[lbo-talk] Child Molestation: “Utterly Indefensible”

pward at peterhartward.com pward at peterhartward.com
Fri Jun 27 21:36:53 PDT 2008


Liliana Segura describes “the sexual assault of a child” as an “utterly indefensible crime”.* Grating the obvious, that child-rape is horrendous and that due measures should be implemented to protect children, it is not clear that the crime’s perpetrators act completely without extenuating circumstances;** that is to say, that they do not deserve to be treated as human beings.

I’m not so interested in BHO’s alleged sudden reincarnation as a reactionary—from what I can tell there was never any good reason to suspect him of not being a reactionary re: the death penalty in the first place. What interests me is the peculiar role “sexual predators” and in particular child molesters and rapists play or have been thrust into. It seems that sex crimes represent a special category where it is legitimate for us to unleash or sadistic desires without guilt of fear of repercussion. Any form of sexual assault of a child is of course horrid (incidentally, I was once subject to an attempted molestation) but so is dropping a bomb on a family home blowing the limbs off the children inside, a crime committed on a daily basis by individuals who are among the most rewarded in society, namely politicians.

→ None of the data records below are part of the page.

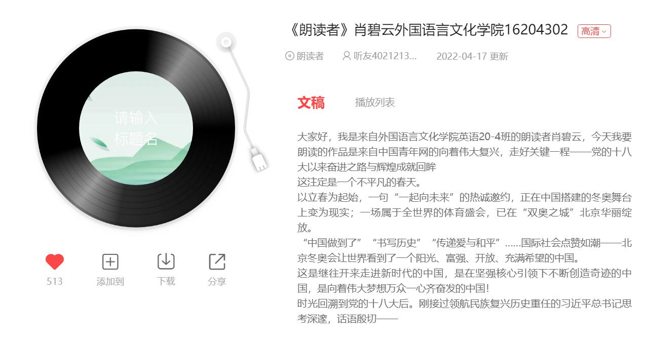 的肖碧云同学获得了本次比赛的一等奖。她朗读的是发布于中国青年网的《向着伟大复兴,走好关键一程——党的十八大以来奋进之路与辉煌成就回眸》一文。“以立春为起始,一句‘一起向未来’的热诚邀约,正在中国搭建的冬奥舞台变为现实;一场属于全世界的体育盛会,已在‘双奥之城北京华丽绽放。”该文从中国北京承办的2022年冬奥会讲起,回溯了我国党的十八大以来在政治、经济、生态等方面取得的巨大成就。肖碧云同学用真挚的字句演绎了党的奋进之路,描摹了一个阳光、富强、开放、充满希望的中国。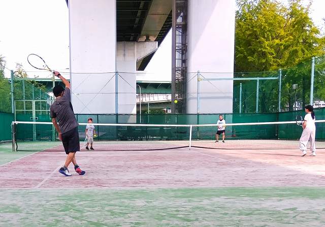 | 8月 5日(火) Am9:00~12:00 若宮コート 7名参加(ビジター2名) |
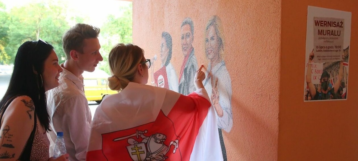 События 2020 года в Беларуси не прошли мимо Алены. Она активно следила за предвыборной кампанией из Люблина, а августе выходила на акции солидарности с Беларусью. Тогда же у нее появилась идея для дипломной работы: нарисовать мурал, посвященный символам беларуского протеста.
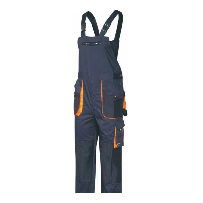 Φόρμα εργασίας με τιράντα της εταιρείας Fageo σε χρώμα σκούρο μπλε με πορτοκαλι λεπτομέρειες. Αποτελεί ιδανική λύση είτε για ερασιτεχνικές εργασίες στο σπίτι ή τον κήπο σας αλλά και για βιομηχανικούς χώρους, βιοτεχνίες και κατασκευές. Ενισχυμένη με επένδυση Oxford για μεγαλύτερη αντοχή.

For a truly just society to come into existence two things need to happen:

1) Criminals, or to be more accurate, individuals who can be proven to have a propensity to undertake action destructive to the community, need to be regarded as symptoms of a social disorder in the manner cancer is regarded by physicians not as subjects of “corrective treatment”, a euphemism for state-sanctioned torture. In certain situations it may be necessary that criminals be deprived of certain liberties, just a carrier of a contagious and deadly disease ought to be quarantined even against his or her own will, but should never, under any circumstances, be punished.

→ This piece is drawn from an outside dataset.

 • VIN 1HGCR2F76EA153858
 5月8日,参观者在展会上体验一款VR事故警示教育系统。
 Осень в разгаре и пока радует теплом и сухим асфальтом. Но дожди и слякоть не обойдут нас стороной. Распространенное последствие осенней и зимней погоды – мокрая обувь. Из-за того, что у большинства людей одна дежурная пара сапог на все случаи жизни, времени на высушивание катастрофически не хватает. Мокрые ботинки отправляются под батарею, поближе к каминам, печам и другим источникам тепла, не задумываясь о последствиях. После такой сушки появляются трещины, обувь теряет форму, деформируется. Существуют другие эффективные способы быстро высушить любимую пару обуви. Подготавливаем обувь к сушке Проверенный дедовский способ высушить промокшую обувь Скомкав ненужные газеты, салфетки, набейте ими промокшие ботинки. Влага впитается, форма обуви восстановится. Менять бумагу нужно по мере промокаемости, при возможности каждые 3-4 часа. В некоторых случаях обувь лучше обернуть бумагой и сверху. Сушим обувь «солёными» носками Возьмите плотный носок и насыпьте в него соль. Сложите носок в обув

2) State intervention that leads to deprivation of liberty must by administered universally and consistently. This contingency requires what does not exist at present: a social structure where no one is above the law.

I am not suggesting that the victims or those close to the victims of serious crimes are wrong to feel angry at the perpetrator or to seek revenge. Rather, that sober onlookers, who are most apt to act in a rational manner, have a responsibility both with respect to the rights of the criminal as well as the victim. That punishment of crime, if its ostensible function is granted, is as absurd as beating a car because it has failed to start. Of course, it could turn out after investigation that beating is in fact what is needed, but action must follow a rational course of enquiry and must be aimed at minimizing additional harm that could result.

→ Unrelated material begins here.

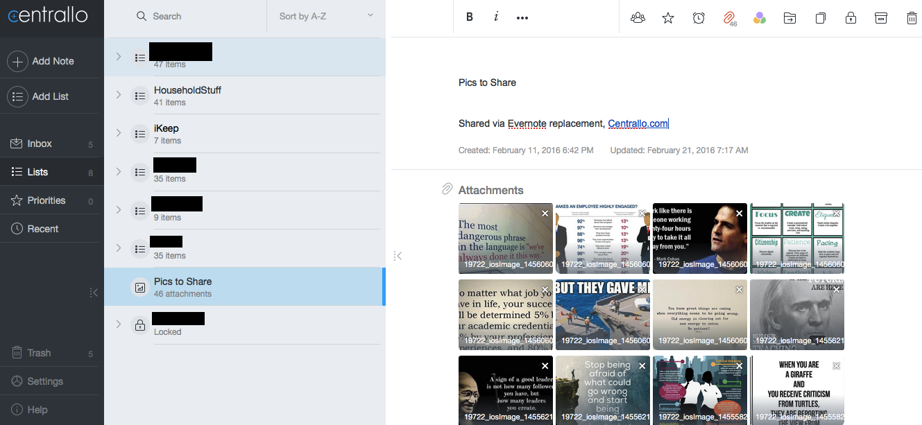 Centrallo uses–here’s a video overview–two organizational principles, including List and Note. You can create a list that contains various notes, group notes according to lists. The interface is quite simple and easy to work with and fast on mobile devices!

I should also note another compelling reason for extreme leniency with respect to crime: The very substantial danger of false prosecution. Those who can afford good lawyers can usually get off the hook for just about any crime, but those with modest means are at the mercy of the justice system. Which is populated by agents with compelling political/career-wise reasons to press for convictions.

Finally, most activities that a criminal just shouldn’t be criminal at all—drug use, e.g.

*”Obama and the Death Penalty”, http://www.counterpunch.org/segura06272008.html

**Research suggest often is not typically, child molester where themselves sexually abused as children.